Once the pictures are set aside, repeat all of the data below exactly.

*** SUPPLIED INFORMATION

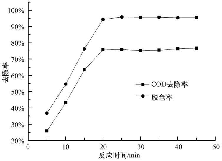 从图 2可以看出,在此条件下从20 min开始处理效果即趋于稳定,经20 min处理后模拟废水脱色率最高可达95%以上,COD去除率最高可达75%左右.
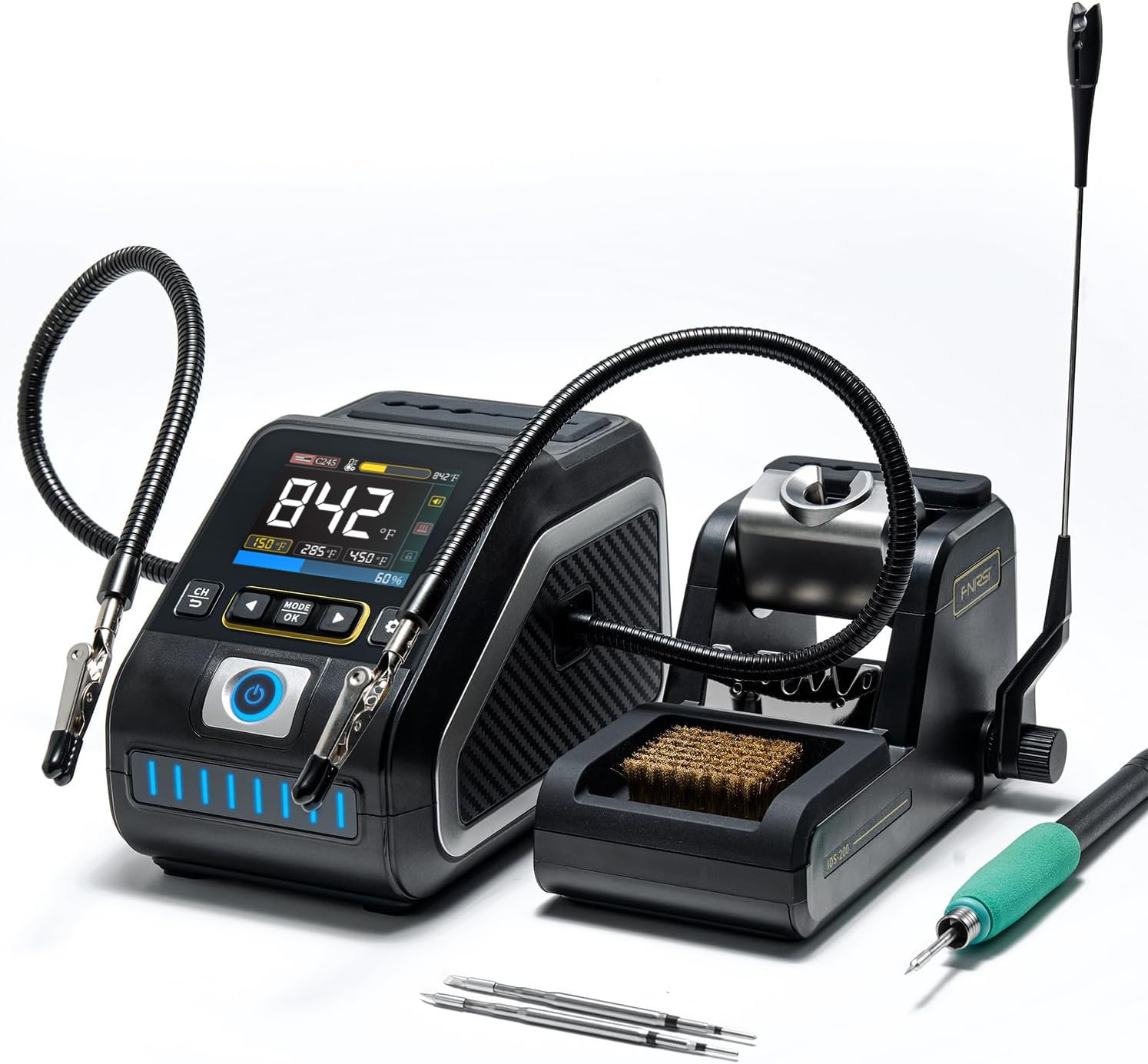 FNIRSI 2C23T Handheld Digital Oscilloscope Multimeter + Function Signal Generator Latest 3IN1 Dual Channel Oscilloscope Signal Generator 10MHZ*2 50MS/s Product sellpoints The Oscilloscope adopts FPGA+MCU+ADC hardware architecture, with a sampling rate of 50MS/s, 10Mhz analog bandwidth, built-in high-voltage protection module, maximum support measurement of peak voltage of plusmn; 400V The multimeter has a 4-digit 10000 point true effective value and supports AC/DC voltage and current measurement, as well as capacitance, resistance, diode, on/off and other measurement functions.. Equipped with a built-in DDS function signal generator, it can output 7 types of function signals, with a maximum output of 2MHz for all signals and a step of 1Hz; The output frequency, amplitude, and duty cycle are adjustable. Using a 2.8 inch 320 * 240 resolution high-definition LCD display screen with a built-in 3000mAh rechargeable lithium battery, the standby time can reach up to 6 H. characteristic: FNIRSI-2C23T is a fully functional, highly practical, three in one dual channel digital oscilloscope designed for the maintenance industry and development industry launched by FNIRSI. This device is equipped with three main functions of oscilloscope, multimeter, and signal generator. Support for saving and viewing waveform screenshots for analysis .The multimeter has a 4-digit 10000 point true effective value and supports AC/DC voltage and current measurement, as well as capacitance, resistance, diode, on/off and other measurement functions. Whether used by professionals, factories, schools, enthusiasts, or families, it is an ideal multi-functional instrument. Oscilloscope Type: Standard, high (optional) Channel:Dual channel Sample rate:50M Analog bandwidth:10M(dual channel independent 10M) Storage depth:32kb Impedance:1M Omega; Time Base Range:50ns-10s Vertical sensitivity:20mV/div-10V/div(X1) Maximum measured voltage: plusmn;400V Trigger mode:AUTO/Normal/Single Trigger type:Rising edge, Falling edge Display mode:YT/Scroll Coupling method:AC/DC Save waveform screenshot:Yes Export waveform images:Yes Multimeter DC Voltage:9.999V~999.9V AC voltage:9.999V~750.0V DC current:9999uA~9.999A AC current:9999uA~9.999A Resistance:999.9 Omega;~99.99M Omega; Capacitance:9.999nF 99.99mF Temperature:(-55~1300℃)/(-67~2372℉) Diode:Yes Continuity test:Yes Live line detection:Yes Function Signal Generator Channel:Single channel Frequency:1Hz-2MHz Amplitude:0.1-3.3 Packing list: (standard) 1 x 2C23T 1 x P6100 Probe 1 x Crocodile clip probe 1 x Multimeter Probe 1 x Charging cable 1 x User Manual 1 x Packaging box Packing list: (high configuration) 1 x 2C23T 2 x P6100 Probe 1 x 1 x Crocodile clip probe 1 x Multimeter Probe 1 x Charging cable 1 x User Manual 1 x Packaging box
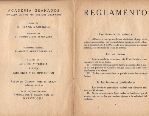 Potser hauríem de començar explicant què és la Sala Granados. Aquesta caseta de l’Avinguda del Tibidabo, d’aspecte tan discret (i més ara que porta gairebé deu anys desocupada) que pots passar per davant sense veure-la, va ser, fa una mica més de cent anys, l’estudi del compositor Enric Granados. El doctor Salvador Andreu, propietari de diverses cases en aquell carrer nou de trinca, n’hi havia cedit l’ús a canvi que fes classe de piano a les seves filles; sembla un acord purament simbòlic. En les dues plantes per sota del nivell del carrer, construïdes aprofitant el desnivell del terreny, el compositor tenia el seu estudi; a la planta baixa hi havia una petita sala de concerts, la Sala Granados. Una de les coses que vaig demanar a la Mònica i l’Alícia és si era un auditori com els entenem avui, obert a tothom que pagués una entrada, o bé era un saló com n’hi havia encara a primers del segle XX, obert només a amics i convidats. Era una sala com les d’avui, que depenia del que ara coneixem com a Acadèmia Marshall i llavors era l’Acadèmia Granados. En l’imaginari col·lectiu dels aficionats és l’auditori on Conxita Badia i el compositor van estrenar les Canciones Amatorias, el 5 d’abril de 1915, però durant molts anys s’hi van fer concerts regularment i no només de Granados: també dels alumnes dels darrers cursos o d’altres músics com Arthur Rubinstein o Manuel de Falla.

******

● **THE COMPLETED TASK**:
 从图 2可以看出,在此条件下从20 min开始处理效果即趋于稳定,经20 min处理后模拟废水脱色率最高可达95%以上,COD去除率最高可达75%左右.
 FNIRSI 2C23T Handheld Digital Oscilloscope Multimeter + Function Signal Generator Latest 3IN1 Dual Channel Oscilloscope Signal Generator 10MHZ*2 50MS/s Product sellpoints The Oscilloscope adopts FPGA+MCU+ADC hardware architecture, with a sampling rate of 50MS/s, 10Mhz analog bandwidth, built-in high-voltage protection module, maximum support measurement of peak voltage of plusmn; 400V The multimeter has a 4-digit 10000 point true effective value and supports AC/DC voltage and current measurement, as well as capacitance, resistance, diode, on/off and other measurement functions.. Equipped with a built-in DDS function signal generator, it can output 7 types of function signals, with a maximum output of 2MHz for all signals and a step of 1Hz; The output frequency, amplitude, and duty cycle are adjustable. Using a 2.8 inch 320 * 240 resolution high-definition LCD display screen with a built-in 3000mAh rechargeable lithium battery, the standby time can reach up to 6 H. characteristic: FNIRSI-2C23T is a fully functional, highly practical, three in one dual channel digital oscilloscope designed for the maintenance industry and development industry launched by FNIRSI. This device is equipped with three main functions of oscilloscope, multimeter, and signal generator. Support for saving and viewing waveform screenshots for analysis .The multimeter has a 4-digit 10000 point true effective value and supports AC/DC voltage and current measurement, as well as capacitance, resistance, diode, on/off and other measurement functions. Whether used by professionals, factories, schools, enthusiasts, or families, it is an ideal multi-functional instrument. Oscilloscope Type: Standard, high (optional) Channel:Dual channel Sample rate:50M Analog bandwidth:10M(dual channel independent 10M) Storage depth:32kb Impedance:1M Omega; Time Base Range:50ns-10s Vertical sensitivity:20mV/div-10V/div(X1) Maximum measured voltage: plusmn;400V Trigger mode:AUTO/Normal/Single Trigger type:Rising edge, Falling edge Display mode:YT/Scroll Coupling method:AC/DC Save waveform screenshot:Yes Export waveform images:Yes Multimeter DC Voltage:9.999V~999.9V AC voltage:9.999V~750.0V DC current:9999uA~9.999A AC current:9999uA~9.999A Resistance:999.9 Omega;~99.99M Omega; Capacitance:9.999nF 99.99mF Temperature:(-55~1300℃)/(-67~2372℉) Diode:Yes Continuity test:Yes Live line detection:Yes Function Signal Generator Channel:Single channel Frequency:1Hz-2MHz Amplitude:0.1-3.3 Packing list: (standard) 1 x 2C23T 1 x P6100 Probe 1 x Crocodile clip probe 1 x Multimeter Probe 1 x Charging cable 1 x User Manual 1 x Packaging box Packing list: (high configuration) 1 x 2C23T 2 x P6100 Probe 1 x 1 x Crocodile clip probe 1 x Multimeter Probe 1 x Charging cable 1 x User Manual 1 x Packaging box
 Potser hauríem de començar explicant què és la Sala Granados. Aquesta caseta de l’Avinguda del Tibidabo, d’aspecte tan discret (i més ara que porta gairebé deu anys desocupada) que pots passar per davant sense veure-la, va ser, fa una mica més de cent anys, l’estudi del compositor Enric Granados. El doctor Salvador Andreu, propietari de diverses cases en aquell carrer nou de trinca, n’hi havia cedit l’ús a canvi que fes classe de piano a les seves filles; sembla un acord purament simbòlic. En les dues plantes per sota del nivell del carrer, construïdes aprofitant el desnivell del terreny, el compositor tenia el seu estudi; a la planta baixa hi havia una petita sala de concerts, la Sala Granados. Una de les coses que vaig demanar a la Mònica i l’Alícia és si era un auditori com els entenem avui, obert a tothom que pagués una entrada, o bé era un saló com n’hi havia encara a primers del segle XX, obert només a amics i convidats. Era una sala com les d’avui, que depenia del que ara coneixem com a Acadèmia Marshall i llavors era l’Acadèmia Granados. En l’imaginari col·lectiu dels aficionats és l’auditori on Conxita Badia i el compositor van estrenar les Canciones Amatorias, el 5 d’abril de 1915, però durant molts anys s’hi van fer concerts regularment i no només de Granados: també dels alumnes dels darrers cursos o d’altres músics com Arthur Rubinstein o Manuel de Falla.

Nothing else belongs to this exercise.